4.2 Skipping Differential Gene Detection Workflow

If you only require the panTE library and TE annotation for each genome without performing differential gene detection caused by TEs, you do not need to specify the --RNA_dir parameter. Additionally, the --genome_list input file only needs to include two columns: genome_name and gene_annotation_name. Refer to the example file demo/genome_list_no_RNA.

source_dir=xxx
pan_genomes_dir=xxx
gene_dir=xxx
genome_list=xxx
out_dir=xxx
conda_name=/home/xxx/miniconda3/envs/HiTE  # Replace this with the path to your HiTE conda environment

cd $source_dir && /usr/bin/time -v nextflow run panHiTE.nf \
 -profile conda --conda_name ${conda_name} \
 --pan_genomes_dir ${pan_genomes_dir} \
 --genome_list ${genome_list} \
 --genes_dir ${gene_dir} \
 --out_dir ${out_dir} \
 --threads ${threads}

4.3 Running on HPC Platform

Run HiTE for each genome and annotate each genome using the panTE library. These two steps can be parallelized on the HPC platform to effectively reduce runtime. We tested this on an HPC platform managed by Slurm, and the key step is to provide the correct HPC configuration.

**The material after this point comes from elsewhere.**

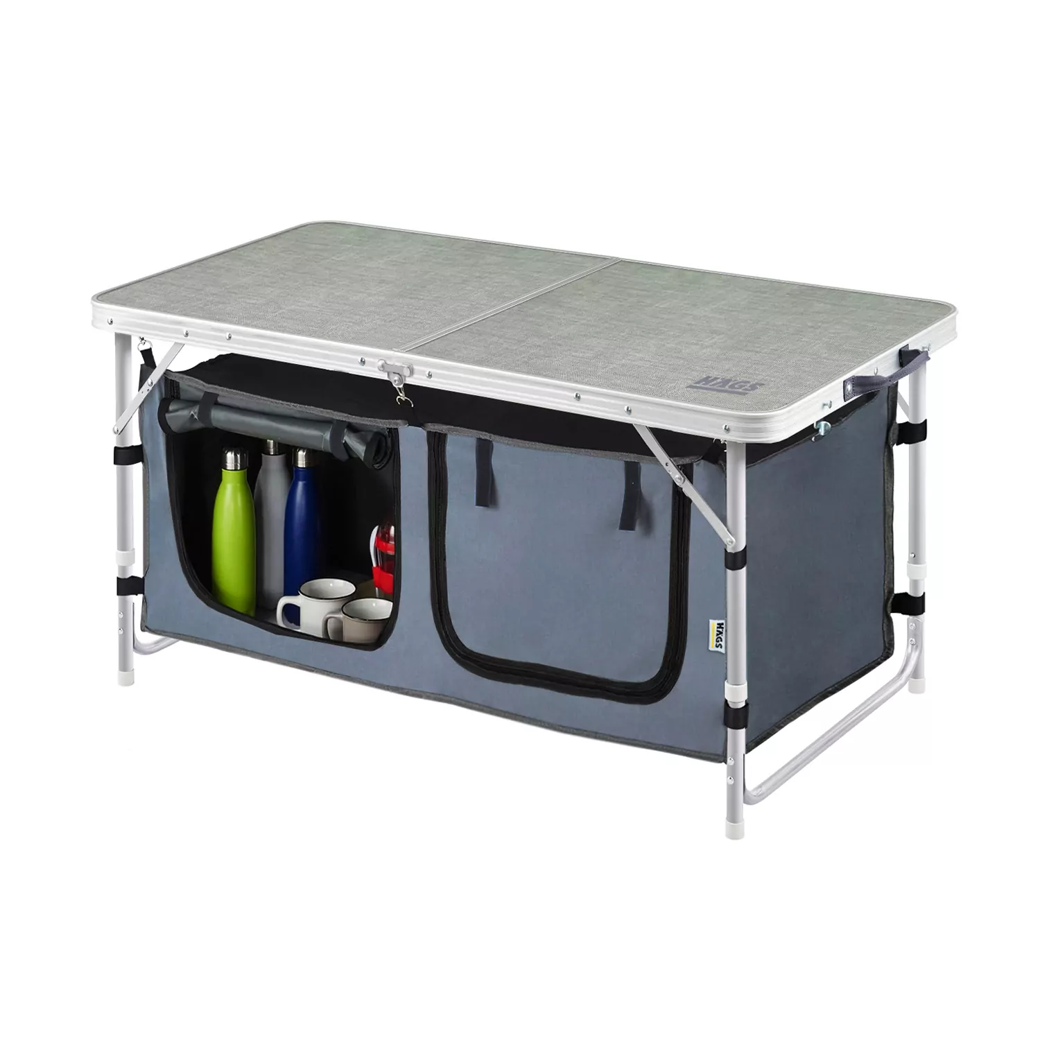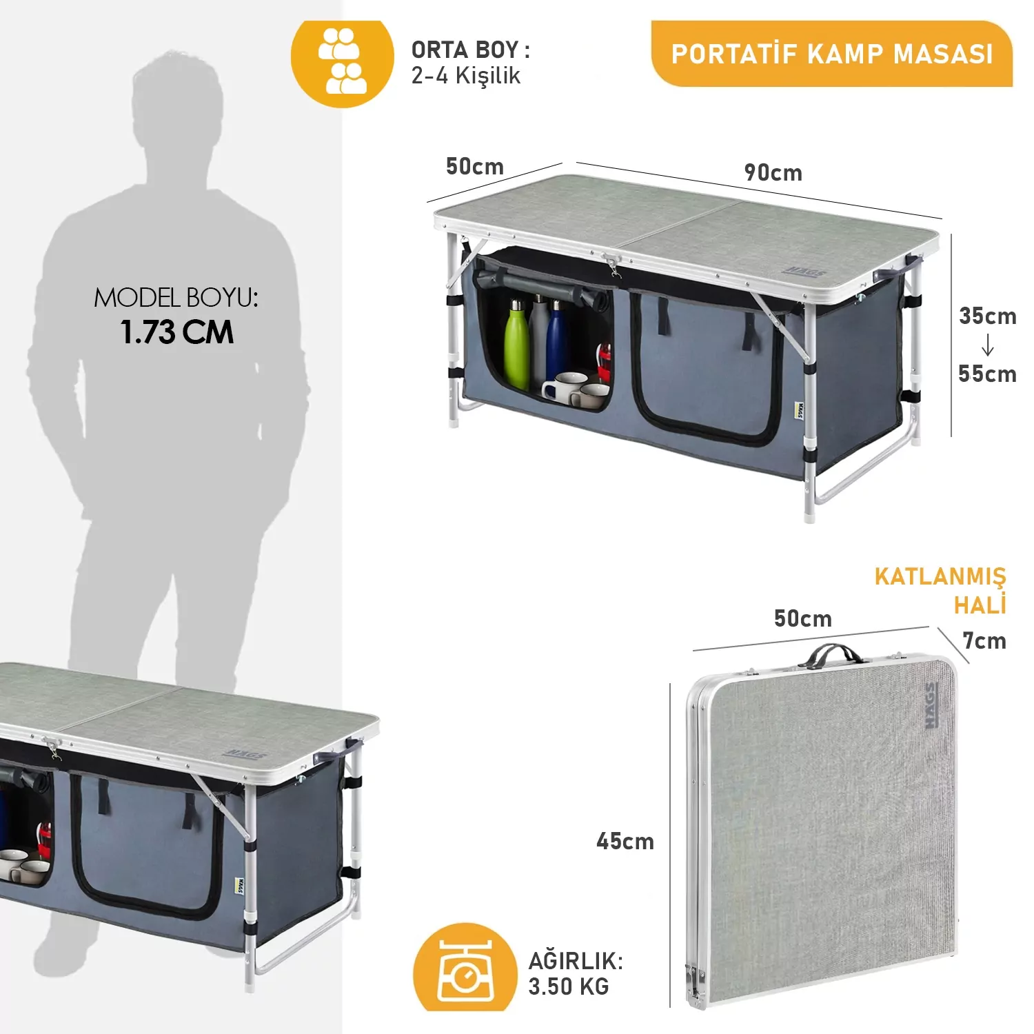 ✅ BÜYÜK KAPASİTELİ DEPOLAMA BÖLMELİ KAMP MASASI: Bu katlanır haegs kamp masasında her türlü yiyecek, içecek veya çatal bıçak takımı için büyük boy bir saklama dolabı bulunur. Depolama organizer bölmesini 8 adet cırt cırt ve 6 adet kancayla kolayca sabitleyebilirsiniz. Fermuar tasarımı eşyaların düşmesini önler. Kamp Mutfağı saklama bölmesin kumaşı su geçirmezdir, İki parça ahşap altlık sağlamlığı artırır, Çıkarılabilir bölmesi kolay saklama ve rahat taşınabilirlik sağlar.

Modify the HiTE/nextflow.config file

// HPC with singularity-loading, adapted from nanome
hpc { // general HPC configuration
    params {
        // HPC Slurm default parameters
        qos = 'resq'
        partition = 'resQ'
        queue = partition
        processors = 40
        memory = '100.GB'
        time = '50.h'
        ...
        account = 'xxx'
        queueSize = 5	// max number of job submit
        ...
    }
}

# Please consult your HPC platform to modify the above parameters
# If running a large and complex genome, you may want to set the `time` parameter a bit higher; otherwise, it may terminate unexpectedly due to exceeding the runtime limit.
# It is recommended not to set the `queueSize` too high, as too much parallelism could lead to high disk I/O, potentially causing an unexpected termination.

Run panHiTE using conda and HPC

# Add the hpc option in the -profile section
source_dir=xxx
pan_genomes_dir=xxx
gene_dir=xxx
RNA_dir=xxx
genome_list=xxx
out_dir=xxx
conda_name=/home/xxx/miniconda3/envs/HiTE  # Here, replace with the previously recorded HiTE conda environment name
cd $source_dir && /usr/bin/time -v nextflow run panHiTE.nf \
 -profile conda,hpc --conda_name ${conda_name} \
 --pan_genomes_dir ${pan_genomes_dir} \
 --genome_list ${genome_list} \
 --genes_dir ${gene_dir} \
 --RNA_dir ${RNA_dir} \
 --out_dir ${out_dir} \
 --threads ${threads} \
 --skip_analyze 0

4.4 Checking the Output

Please verify that the ${out_dir}/run_hite_single/${genome} directory contains all the necessary output files to ensure that HiTE has successfully run for each genome.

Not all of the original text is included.